Pesticide-resistant head lice multiplying in Texas

Super lice popping up across Texas

SAN ANTONIO -- New research warns head lice in Texas and around the country are becoming harder to kill.

A study from Southern Illinois University found lice in at least 25 states have developed resistance to ingredients found in common, over-the-counter remedies.

Dr. Sky Izaddoost, a pediatrician with the Children's Hospital of San Antonio Physician Group, says even if a portion of the lice in the area are resistant, that can have a big impact.

"It will kill some of them, but not all of them, and that's the big concern," said Dr. Izaddoost. "If one of them survives, they have the potential of making more."

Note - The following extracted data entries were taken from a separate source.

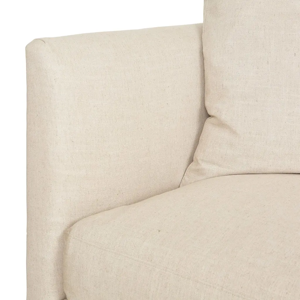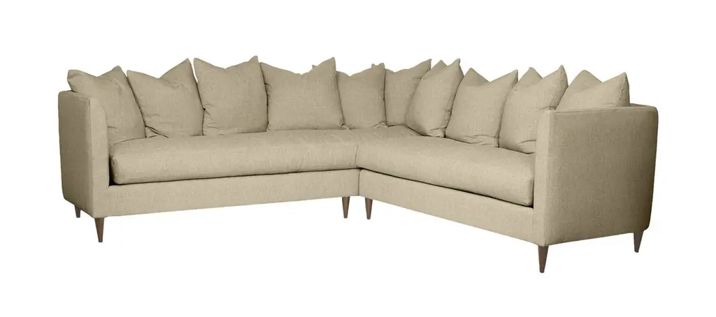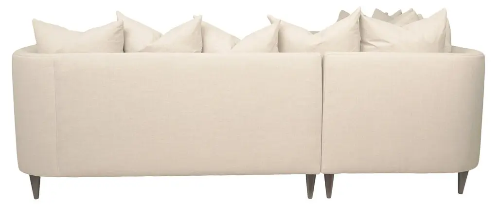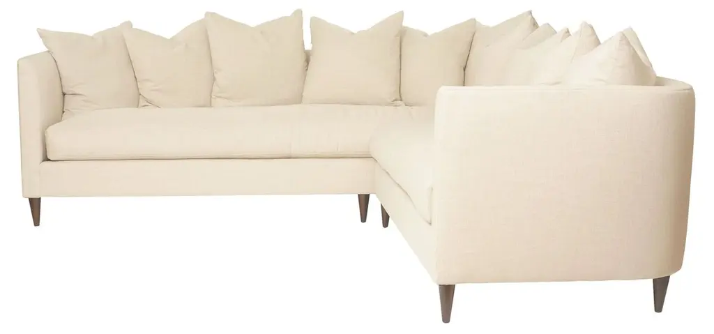 Exclusive to One Kings Lane: This sectional offers plenty of room for stretching out, yet it maintains a fresh, light look. That's down to the exposed tapered legs, slender arms, and curved back. Amply padded cushions provide long-lasting comfort. The woven linen-like upholstery has been treated so that it resists stains and is easy to clean, making this sectional a savvy choice for households with children, pets, or spill-prone adults.
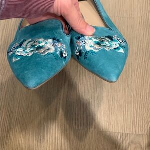 NEW WHBM Ava embroidered ballet flats suede pointy toes shoes floral casual 9.5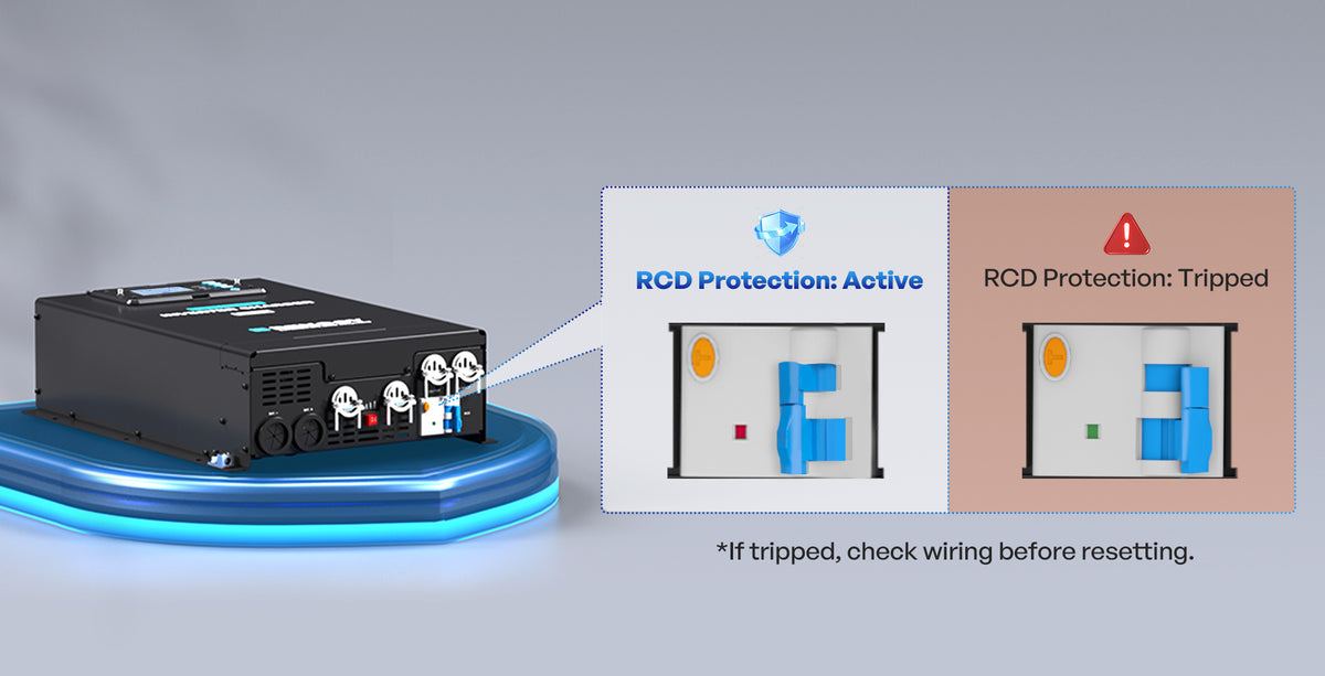 The inverter includes a Residual Current Device that instantly detects earth leakage, cuts output power, and can be reset with the front switch—no external RCD required.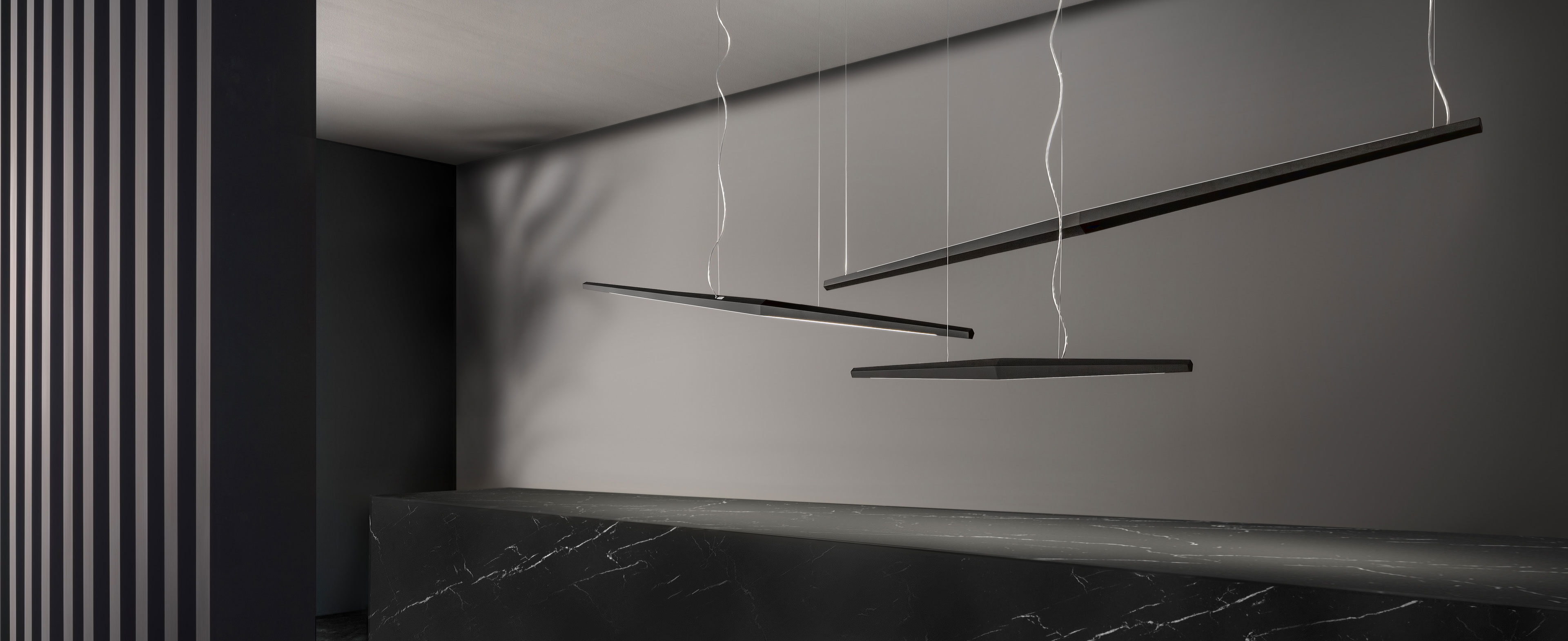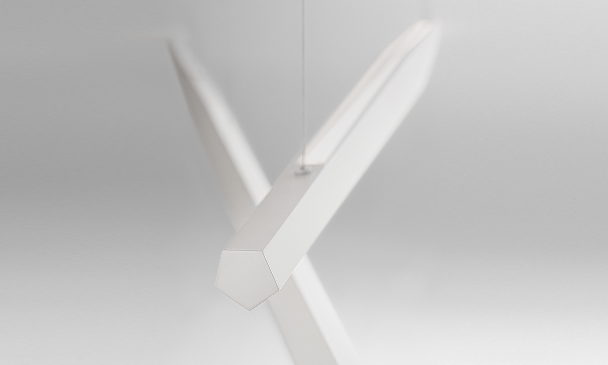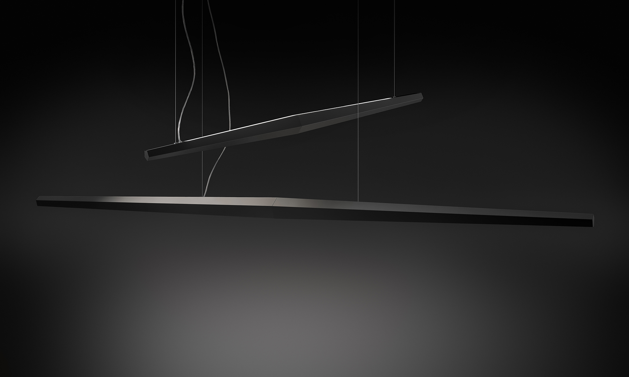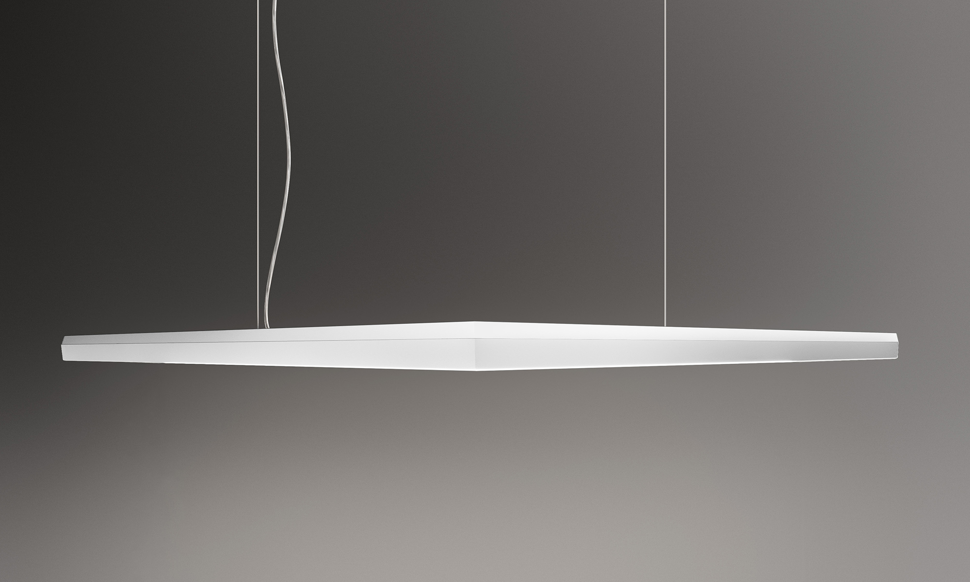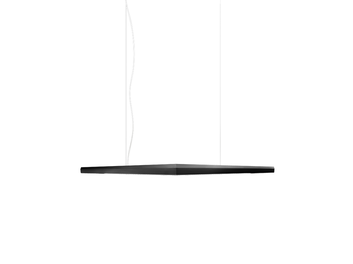Lampada a sospensione e da terra con sezione pentagonale in alluminio piegato e inciso. Sorgente luminosa composta da modulo LED e dimmerazione di serie DALI/Push DIM integrata nel corpo della lampada tramite driver ultra-flat di ultima generazione. Versione a sospensione disponibile in due lunghezze (120 e 210cm) a luce diretta. Disponibile versione a sospensione a luce indiretta, ideale per creare composizioni in combinazione con la versione a luce diretta. Disponibile versione da terra con base realizzata in metallo tagliato a laser, piegato, e verniciato. Finitura con vernice poliacrilica in bianco o nero. Ideale per uffici, zone living, e in composizione per arredare grandi spazi.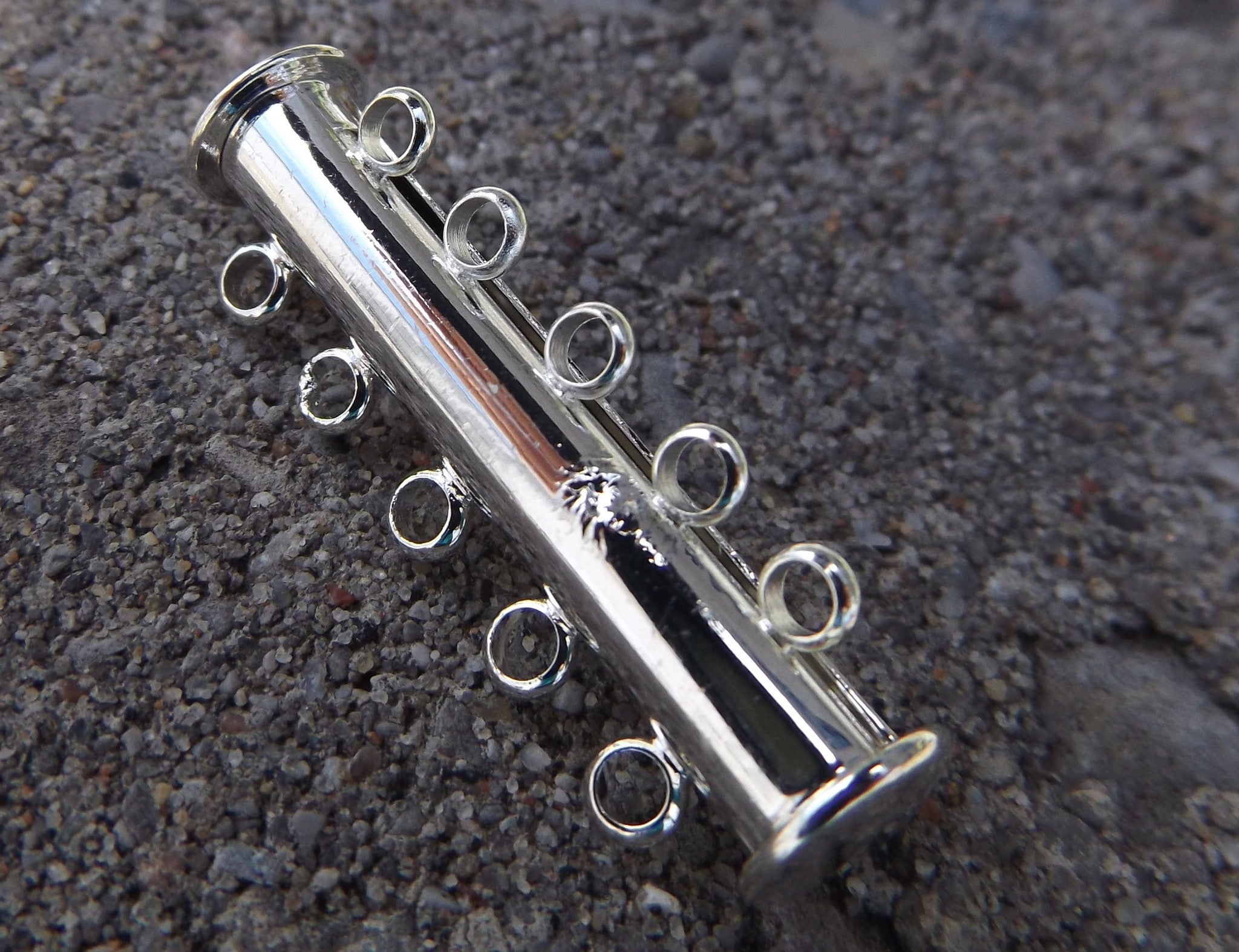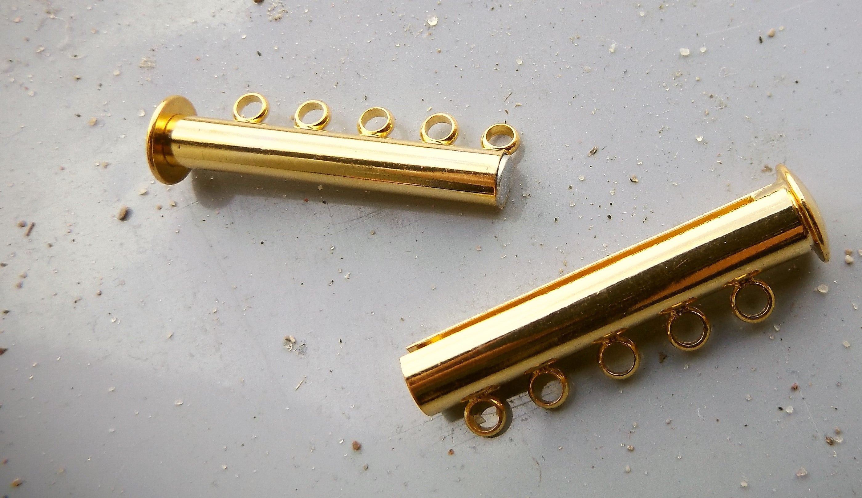Base Metal 5 hole Slide Lock Clasps.  Two parts which "slide" into each.  Magnet inside the finding to pull the pieces together.  Beautiful for many different applications. See drop down for options.  30mm Length.  Sold per 2 clasps

Molly Keck, an entomologist with the Texas A&M AgriLife Extension, says drug resistance is fairly common.

As a treatment gets used over and over, genetic defenses get passed on.

"Whatever reason they're not dying, they pass that on to their offspring," said Keck. "You have a whole population of lice that's not affected by this treatment."

Keck estimates more than half the lice in Texas will barely bat an eye at most over-the-counter treatments.

Prescription medication will work, but Dr. Izaddoost says those can cost upwards of $100, much more expensive than their store-bought counterparts.

"The private insurers are kind of weary about covering something like that," said Dr. Izaddoost. "And worse, usually when you're that far along, you want to treat the whole family."

Dr. Izzaddoost she still recommends trying the over-the-counter treatments before prescribing in order to try and avoid paying too much.

She says parents should be prepared in case that doesn't work.